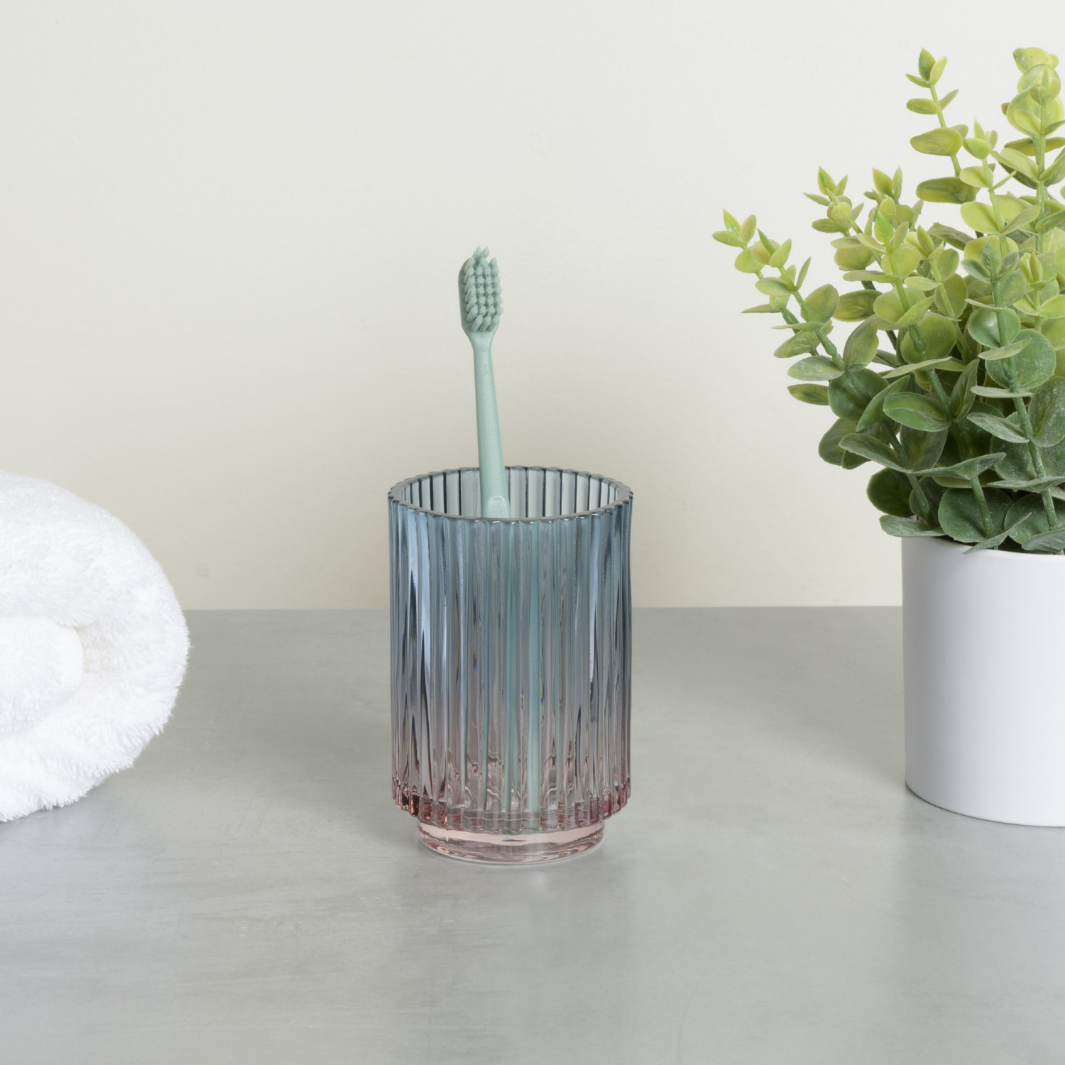 Room & Retreat Golden Era Ombre Tumbler for Countertop Storage, Blue-Pink Ombre
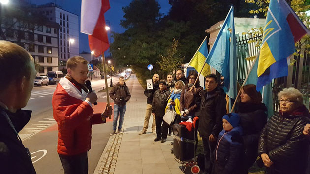 Українські та польські активісти у Варшаві долучилися до всесвітньої акції “Stop Putin’s War in Ukraine”. Присутні з українськими, польськими і кримськотатарськими прапорами і плакатами і про агресивну сутність режиму Путіна скандували гасло "Російську зброю - до Росії".
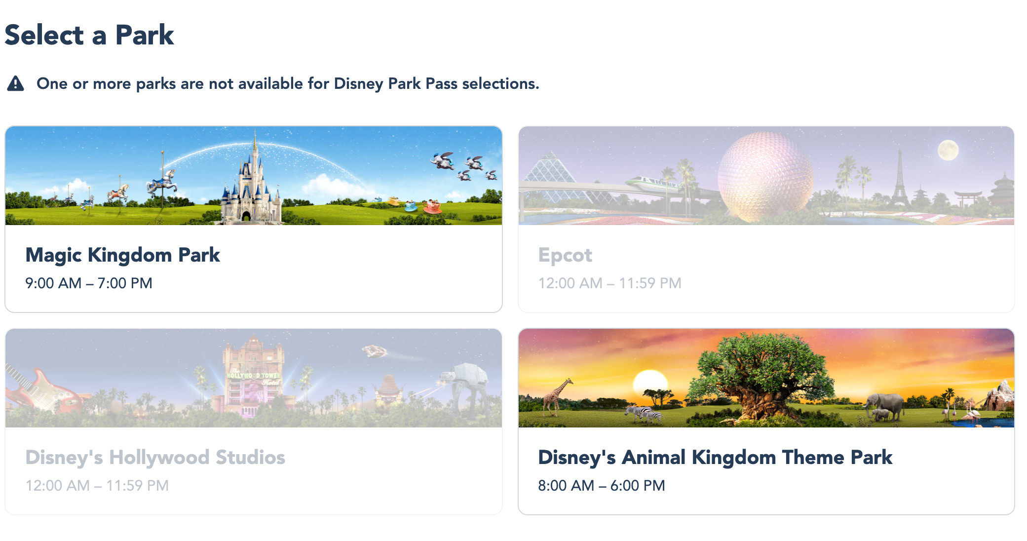 You can only select one park per day, but park hopping from that originally visited park is available on a space-permitting basis each day at 2 p.m. Additionally, pricey private VIP tours accommodate for visiting multiple parks in one day. You can also only make a maximum of three park day bookings at a time if you have an annual pass but don't have a Disney resort stay attached to your account.
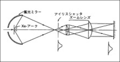 サーチラィトの光学系はパラボラミラーとキセノンショートアークランプの組合せからなっており、ミラーの焦点とランプのア一ク位置の関係を調整することで、拡散、平行、集光の状態の光ビームをつくりだせる。
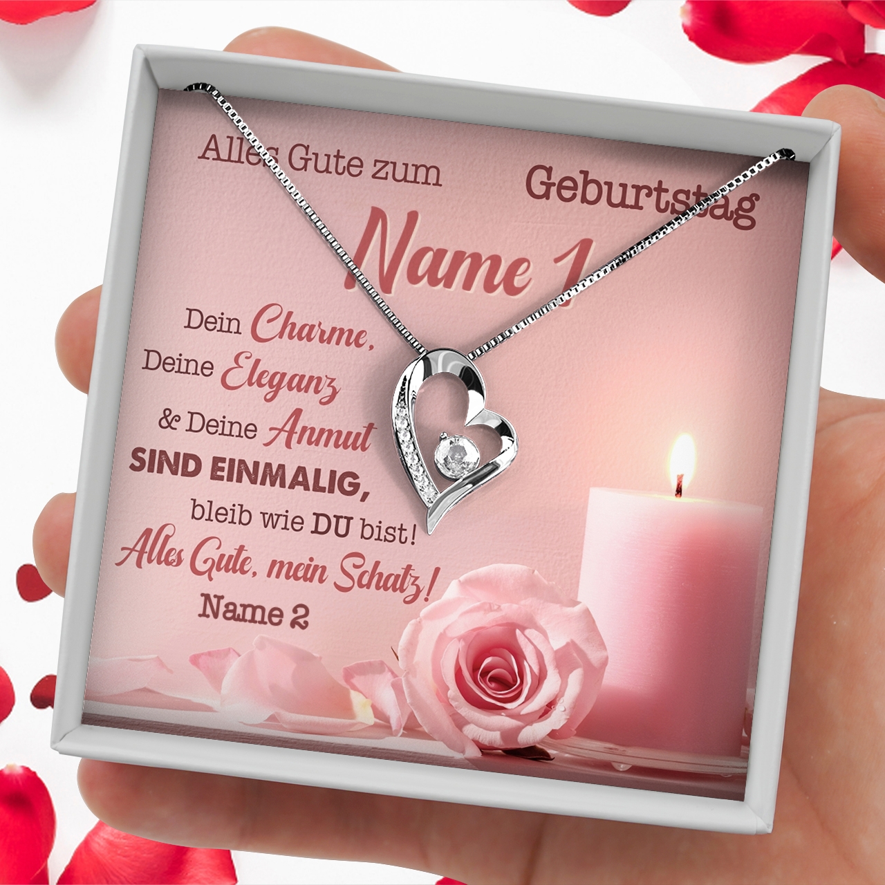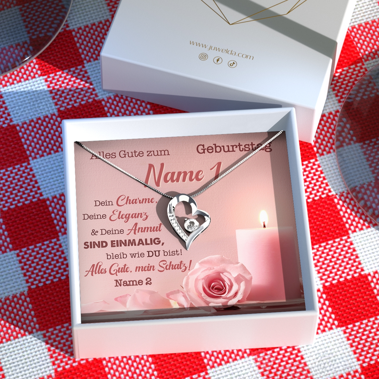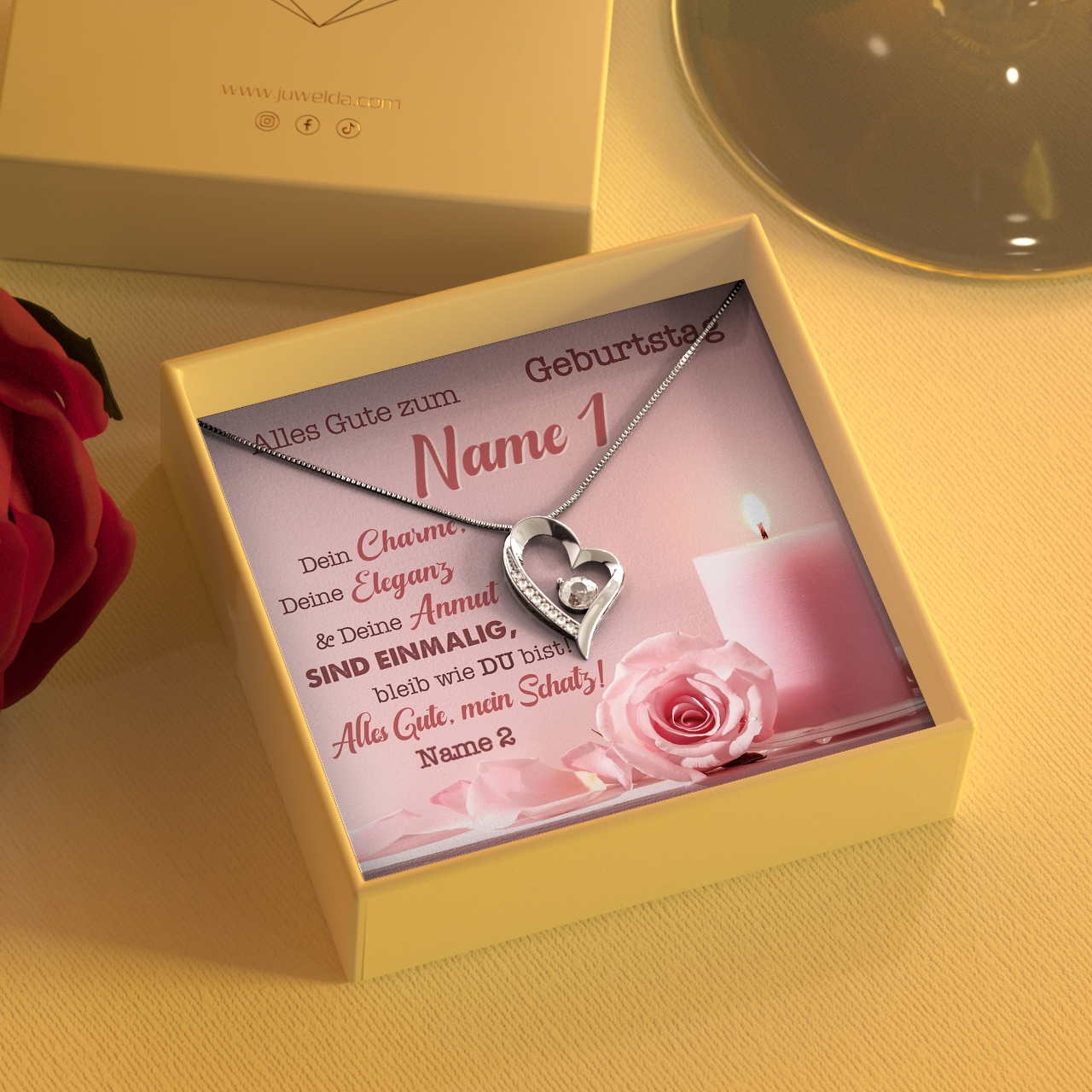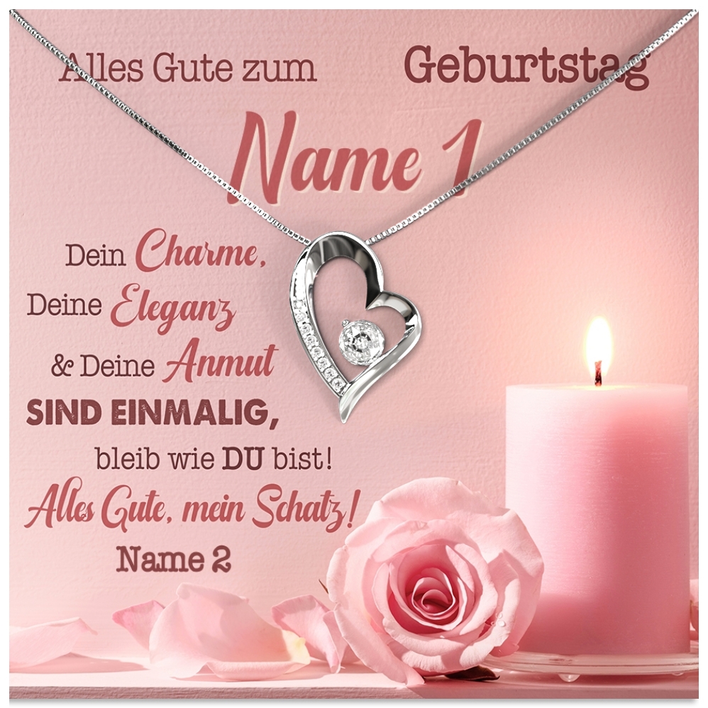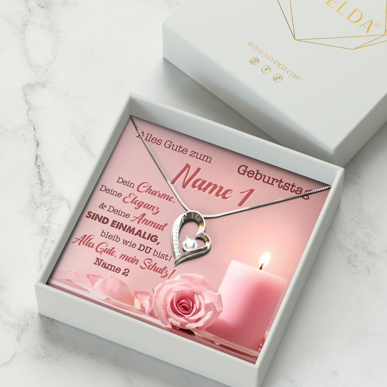 Deine Freundin hat Geburtstag und in diesem Jahr möchtest Du sie mit einem sehr besonderen Geschenk beglücken? Überreiche ihr ein Schmuckstück unserer Kollektion mit einer personalisierten Grußkarte. Auf der Geburtstagskarte „Bleib wie Du bist“ kannst Du nicht nur Eure Namen verewigen, sondern auch das Alter. So wird aus dem Geschenkset eine wunderbare Erinnerung, die lange Freude bereitet. Das Design ist in elegantem Rosa gehalten. Die Kerze steht für das Lebenslicht und die Rose symbolisiert Eure Liebe füreinander.
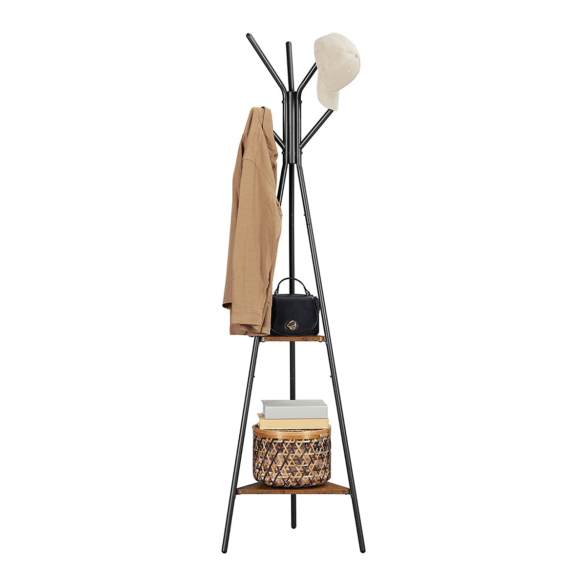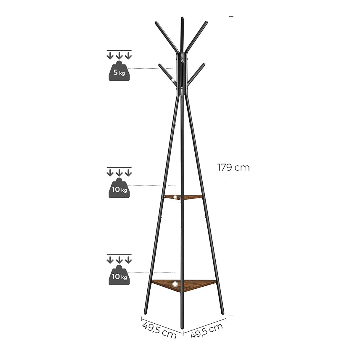 Ontdek onze staande kapstok met 2 planken - 179 cm hoogte, een praktische opbergoplossing voor je entree. De 2 planken bieden ruimte voor extra accessoires of decoratie. Het industriële ontwerp van de kapstok past bij alle interieurstijlen. De hoogte ervan maakt het mogelijk om lange jassen op te hangen. Productkenmerken: Belangrijkste materiaal: Spaanplaat, staal. 2 planken. 6 haken. Afmetingen van het product: Lengte 49,5 cm x Hoogte 179 cm x Diepte 49,5 cm - Nettogewicht: 3,4 kg. Afmetingen van de verpakking: Pakket n.º 1: Hoogte 70,8 cm x Breedte 42 cm x Diepte 7,3 cm - Bruto gewicht: 4,46 kg.

WHAT YOU HAVE TO DO — Every line between the one containing "Deine Freundin hat" and the end of the listing, both included, needs to be retyped exactly, minus the pictures.

EXERCISE RESPONSE —
 Deine Freundin hat Geburtstag und in diesem Jahr möchtest Du sie mit einem sehr besonderen Geschenk beglücken? Überreiche ihr ein Schmuckstück unserer Kollektion mit einer personalisierten Grußkarte. Auf der Geburtstagskarte „Bleib wie Du bist“ kannst Du nicht nur Eure Namen verewigen, sondern auch das Alter. So wird aus dem Geschenkset eine wunderbare Erinnerung, die lange Freude bereitet. Das Design ist in elegantem Rosa gehalten. Die Kerze steht für das Lebenslicht und die Rose symbolisiert Eure Liebe füreinander.
 Ontdek onze staande kapstok met 2 planken - 179 cm hoogte, een praktische opbergoplossing voor je entree. De 2 planken bieden ruimte voor extra accessoires of decoratie. Het industriële ontwerp van de kapstok past bij alle interieurstijlen. De hoogte ervan maakt het mogelijk om lange jassen op te hangen. Productkenmerken: Belangrijkste materiaal: Spaanplaat, staal. 2 planken. 6 haken. Afmetingen van het product: Lengte 49,5 cm x Hoogte 179 cm x Diepte 49,5 cm - Nettogewicht: 3,4 kg. Afmetingen van de verpakking: Pakket n.º 1: Hoogte 70,8 cm x Breedte 42 cm x Diepte 7,3 cm - Bruto gewicht: 4,46 kg.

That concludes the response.